● Exercise
Pictures are to be skipped. Retype exactly the lines from the top of the material through the one with "Little Sam asked", and only those.

** Opening Information block **

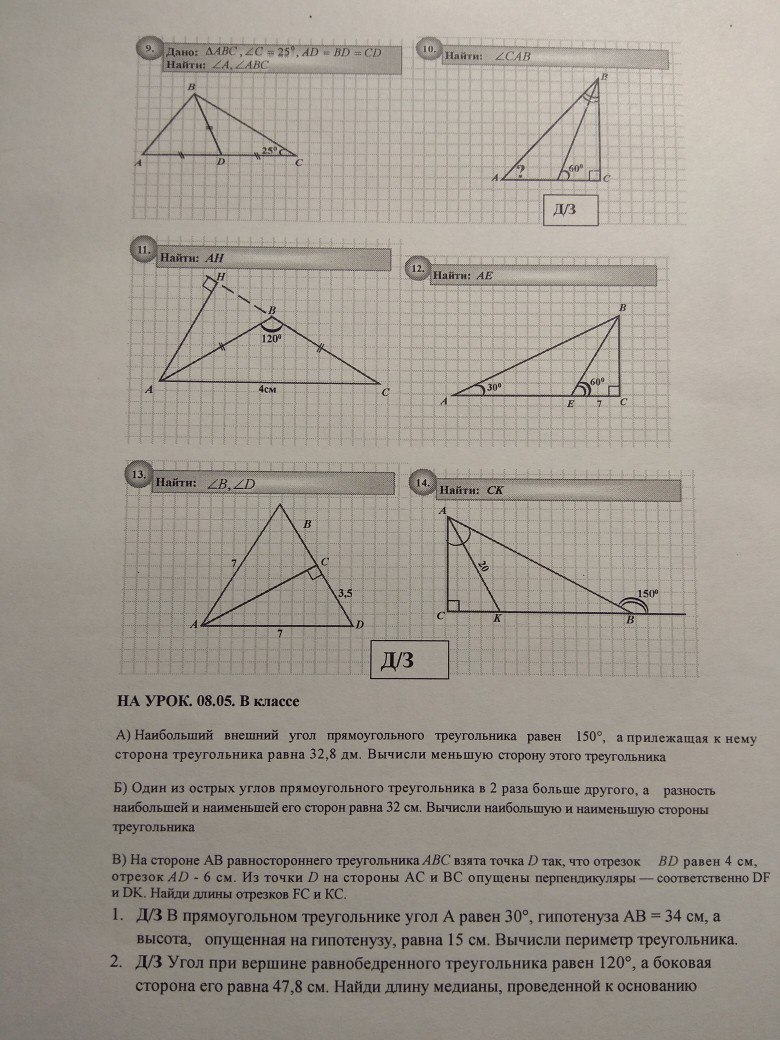 14. ΔABC ⇒ ∠B = 30° (180°-150°=30°) ∠А = 180 - 30 - 90 = 60°
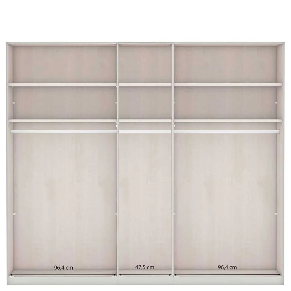 - Drei Fachelemente innen, Breite: 96,4/47,5/96,4 cm, jeweils mit zwei Einlegeböden und einer Kleiderstange ausgestattet
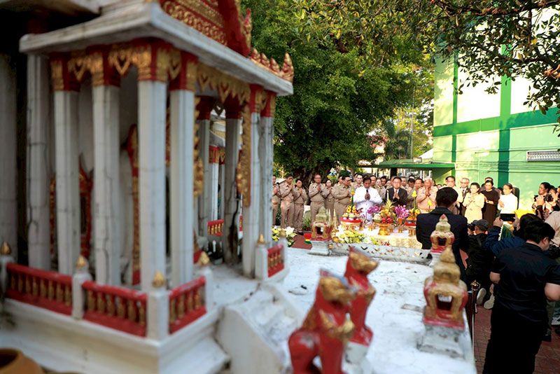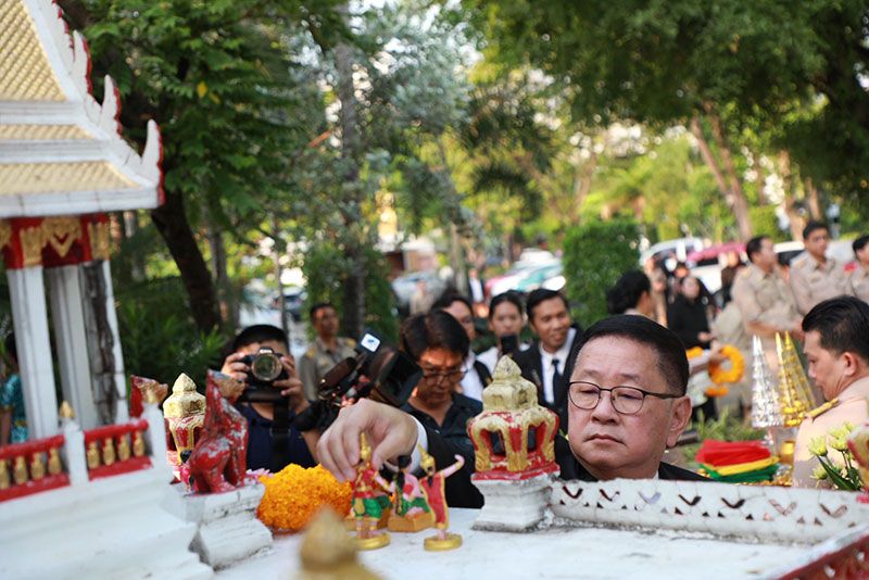 จากนั้น เวลา 07.09 น. ประธานพิธีและคณะไปสักการะพระพุทธประจำกระทรวงศึกษาธิการ สักการะพระภูมิเจ้าที่ สักการะพระพุทธรูปหน้าสำนักงานคณะกรรมการการอาชีวศึกษา สักการะศาลปู่เจียม บวงสรวงพระบรมราชานุสาวรีย์ พระบาทสมเด็จพระมงกุฏเกล้าเจ้าอยู่หัว (ร.6)
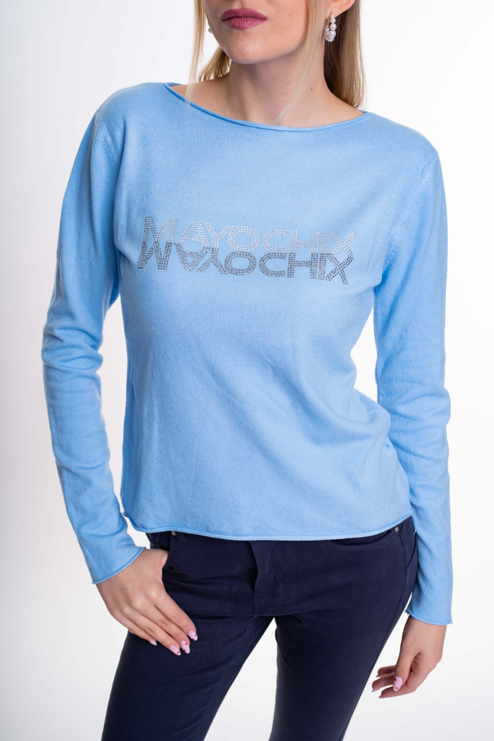 Elasztikus, vékony kötött anyagú pulóver, strasszköves márkajelzéssel.
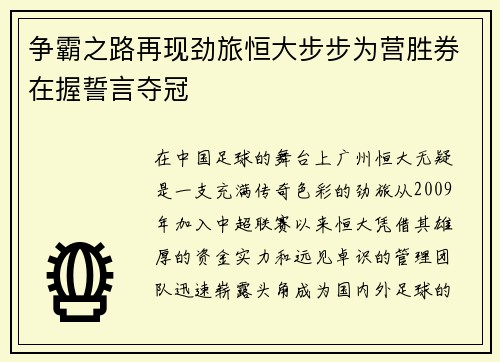 争霸之路再现劲旅恒大步步为营胜券在握誓言夺冠
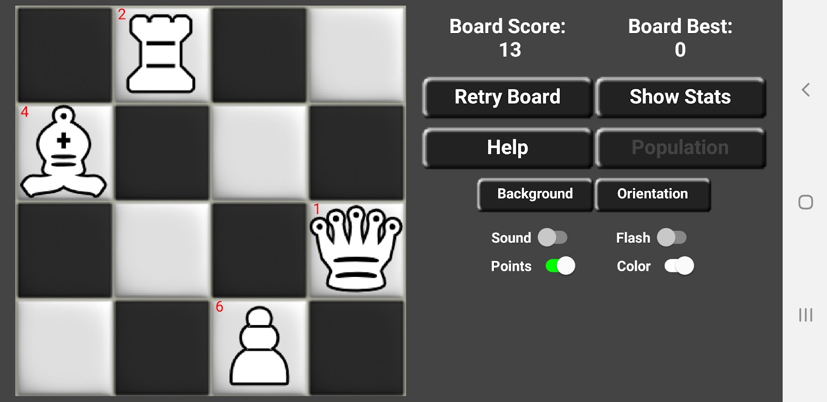 यदि आप किसी बोर्ड पर अटक जाते हैं, तो आप पॉपुलेट का चयन करके और अपना मनचाहा बोर्ड चुनकर किसी अन्य कॉन्फ़िगरेशन का अनुरोध कर सकते हैं। आप वॉल्यूम और बैकफ़्लैश को चालू या बंद कर सकते हैं। आप काले या सफ़ेद मोहरे भी चुन सकते हैं।
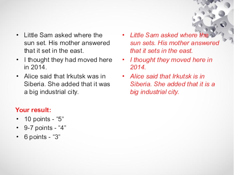Little Sam asked where the sun sets. His mother answered that it sets in the east.
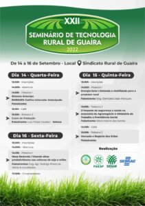Organizado pelo Sindicato Rural, Federação da Agricultura do Estado de São Paulo (FAESP), Serviço Nacional de Aprendizagem Rural (SENAR) e Serviço Brasileiro de Apoio às Micro e Pequenas Empresas (SEBRAE/SP), o seminário trará uma série de palestras que trarão informações atuais sobre temas relacionados ao agronegócio brasileiro.
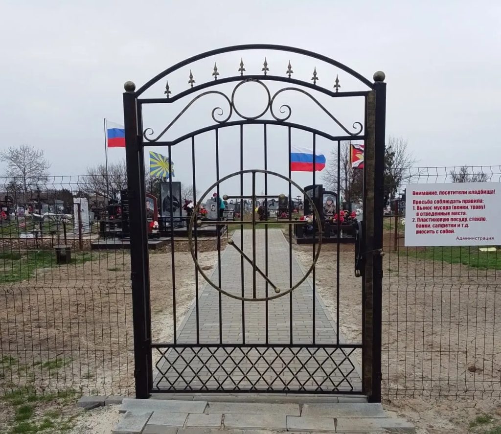 Мы увидели, что на кладбище заменена ограда, у входа — добротная калитка, выполненная в христианском стиле, от неё тротуарной плиткой выложена дорожка, ведущая к могилам героев, погибших в зоне СВО; в изгородях — слева и справа по две калитки для выноса мусора к специально отведенным для этого местам; выкорчеваны дикорастущие кустарники, спилены и убраны старые деревья, от поросли и травы очищена вся территория, приведены в порядок даже могилы, которые считались заброшенными, так как за ними никто не ухаживал (возможно, уже и родственников нет в живых).
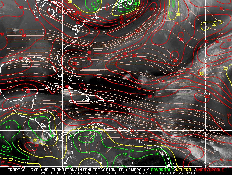 Il n’y a pas de cyclone ni de système surveillé par le NHC en Atlantique.
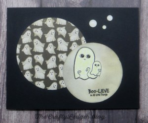 This cute card was made by stamping the image and sentiment from Boo-lieve on white cardstock .with Versafine black ink. I then filled in the ghost with a Ranger Perfect Medium pen and sprinkled on the Glow-in-the-Dark embossing powder, then used my heat gun to set it. I used Distress Ink in Pumice Stone applied with a blending brush to tone down the white after masking off the ghost. The patterned paper went well with the image.
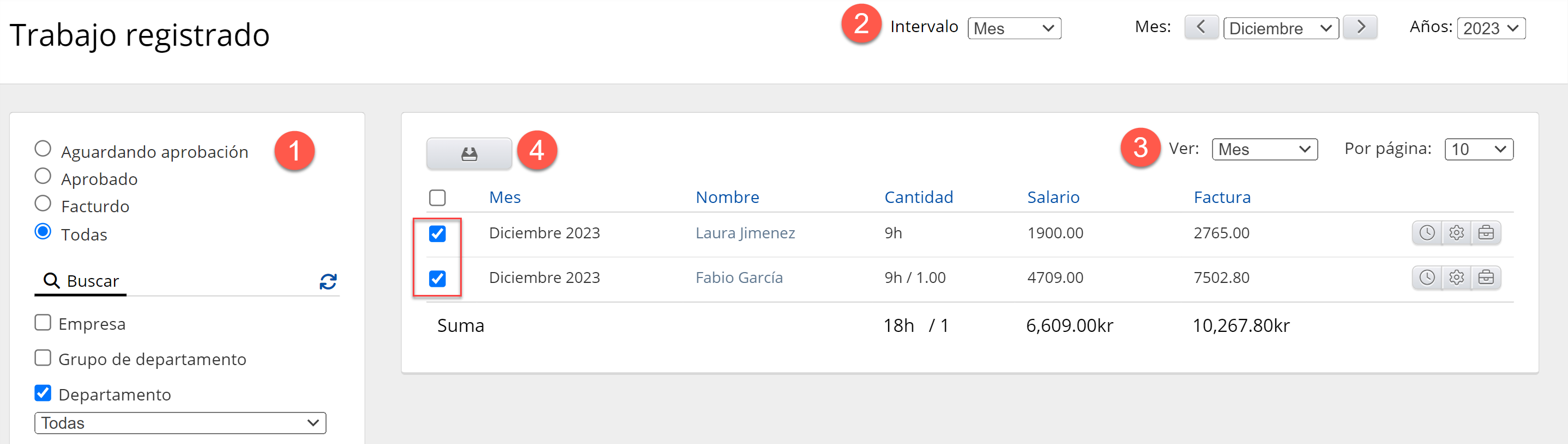 - Filtro: mediante el uso de filtros, puede encontrar el trabajo registrado en espera de aprobación, aprobado, facturado o todo lo anterior. A continuación, puede restringir la búsqueda con más filtros, como clientes y compañeros de trabajo.

** Closing Information block **

● Problem solution
 14. ΔABC ⇒ ∠B = 30° (180°-150°=30°) ∠А = 180 - 30 - 90 = 60°
 - Drei Fachelemente innen, Breite: 96,4/47,5/96,4 cm, jeweils mit zwei Einlegeböden und einer Kleiderstange ausgestattet
 จากนั้น เวลา 07.09 น. ประธานพิธีและคณะไปสักการะพระพุทธประจำกระทรวงศึกษาธิการ สักการะพระภูมิเจ้าที่ สักการะพระพุทธรูปหน้าสำนักงานคณะกรรมการการอาชีวศึกษา สักการะศาลปู่เจียม บวงสรวงพระบรมราชานุสาวรีย์ พระบาทสมเด็จพระมงกุฏเกล้าเจ้าอยู่หัว (ร.6)
 Elasztikus, vékony kötött anyagú pulóver, strasszköves márkajelzéssel.
 争霸之路再现劲旅恒大步步为营胜券在握誓言夺冠
 यदि आप किसी बोर्ड पर अटक जाते हैं, तो आप पॉपुलेट का चयन करके और अपना मनचाहा बोर्ड चुनकर किसी अन्य कॉन्फ़िगरेशन का अनुरोध कर सकते हैं। आप वॉल्यूम और बैकफ़्लैश को चालू या बंद कर सकते हैं। आप काले या सफ़ेद मोहरे भी चुन सकते हैं।
Little Sam asked where the sun sets. His mother answered that it sets in the east.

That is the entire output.